An electron with initial kinetic energy 32.0 electron volts encounters a square potential barrier with height 41.0 electron volts and width 0.250 nanometers. Find the probability, as a percentage, that the electron will tunnel through this barrier.
The electron initial kinetic energy is 32.0 electron volts. We’ll call 𝐸. The barrier with height 41.0 electron volts has a value we’ll call 𝑉 sub zero. The barrier is 0.250 nanometers wide. That value we’ll call 𝐿. We’re looking for a probability that an electron with this energy will tunnel through a barrier like this. We’ll call this probability capital 𝑃.
We can start out by sketching this situation. If we have a vertical and a horizontal axis with position on the horizontal and electric potential on the vertical, then if we draw in our barrier, we know the height of that barrier has a potential 𝑉 sub zero. Then if we show our electron approaching the barrier, that electron comes in with an energy 𝐸 less than 𝑉 zero. Given that the barrier has a width of 𝐿, we want to know what’s the chance or the probability that the electron when it hits the barrier, will be able to tunnel through to the other side. This is a little like being able to walk through a wall. Something that classically is impossible. But in the world of quantum mechanics, there’s a nonzero chance it can happen.

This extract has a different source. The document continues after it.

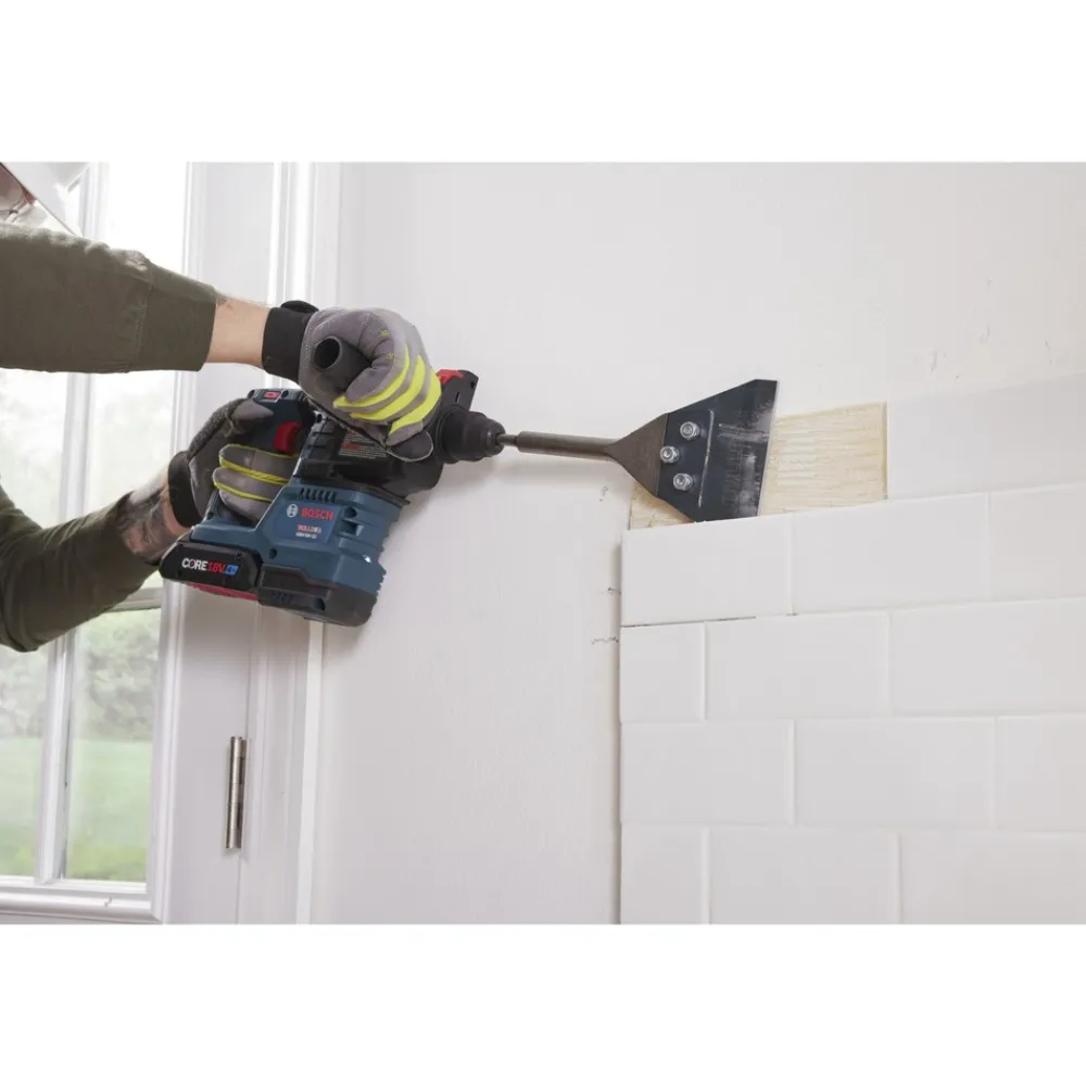 GBH18V-22K24 18V Brushless SDS-plus Bulldog 3/4 in. Rotary Hammer Kit with (2) CORE18V 4 Ah Advanced Power Batteries . The Bosch GBH18V-22 Bulldog hammer is a manageable, powerful rotary hammer designed to get the job done. It weighs 5.1 lbs. (tool only, not including battery) and delivers 1.4 ft-lbs. of impact energy (EPTA), for superior performance and impact-to-weight ratio. The hammer features a brushless motor, for extended runtime. It has Kickback Control, an integrated sensor to stop tool rotation in bind-up situations, and Vibration Control, for extended user comfort. The hammer features a variable-speed trigger, which allows for accurate bit starting. The included CORE18V 4 Ah Advanced Power Battery delivers 2X the runtime and 60% more power compared to the BAT612 18V 2 Ah Standard Power Battery. Designed for easier handling . The GBH18V-22 hammer has Vibration Control, which affords great user comfort for extended periods of work. The easy-to-handle L-shaped design provides better control when drilling overhead or in tight spaces. It comes with a 360-degree side handle, providing a variety of grip positions for maximum ease of use. It has Vario-Lock positioning to optimize the working angle when the tool is used in hammer-only mode. Legendary Bulldog impact . The GBH18V-22 provides a superior 1.4 ft.-lbs. of impact energy (EPTA), delivering maximum performance in heavy-duty drilling and chipping applications in concrete. The brushless motor and low weight of 5.1 lbs. (tool only, not including battery) maximize runtime for extended applications and provide an outstanding impact-to-weight ratio.

To figure out this probability, let’s recall that the mathematical equation describing tunneling probability has this form, where 𝐸 is the electron energy, 𝑉 zero is the barrier height, 𝑥 is the barrier width, and 𝑘 as units of wavenumbers and is equal to one over ℎ times the square root of eight 𝜋 squared times the mass of the particle trying to tunnel multiplied by the difference between the barrier height and the particle energy.
Let’s begin solving for the tunneling probability by solving for 𝑘. Before we enter in values to solve for 𝑘, let’s define ℎ and 𝑚. Planck’s constant ℎ, we’ll treat as exactly 6.626 times 10 to the negative 34th joule seconds. Electron mass 𝑚, we’ll treat as exactly 9.1 times 10 to the negative 31st kilograms. We can now plug in for all the values to solve for 𝑘. The values we see to plug in for 𝑘 are mostly expected. We have the mass. We have Planck’s constant. And we have our energy difference between the barrier and the particle energy. The one unexpected value is this last one under the square root sign. This is there to convert our energy, in units initially of electron volts, into a result in units of joules. We put this conversion factor there to make it agree with the units in the rest of our expression. When we calculate out 𝑘, we find it’s approximately equal to 1.5362 times 10 to the 10th inverse meters.
Now the 𝑘 is known, we can use that value in our expression for tunneling probability. In our version of the tunneling probability equation, we have 𝑃 rather than capital 𝑇. And we’re using 𝐿 for the width of our barrier. We can now plug in for the values in this equation. We’ve all our values plugged in. Notice that we use units of meters in our expression for 𝐿, converting it from nanometers. And speaking of units, we see that the units of meters in the exponent cancels out. So the exponent is unitless which is good. And also that the units of electron volts cancel out. So our final answer will be unitless. This is a positive sign.
When we calculate the value for 𝑃, we find a decimal of approximately 0.00130 or, as a percent, 0.130. This is the probability that an incident electron of the barrier will tunnel through.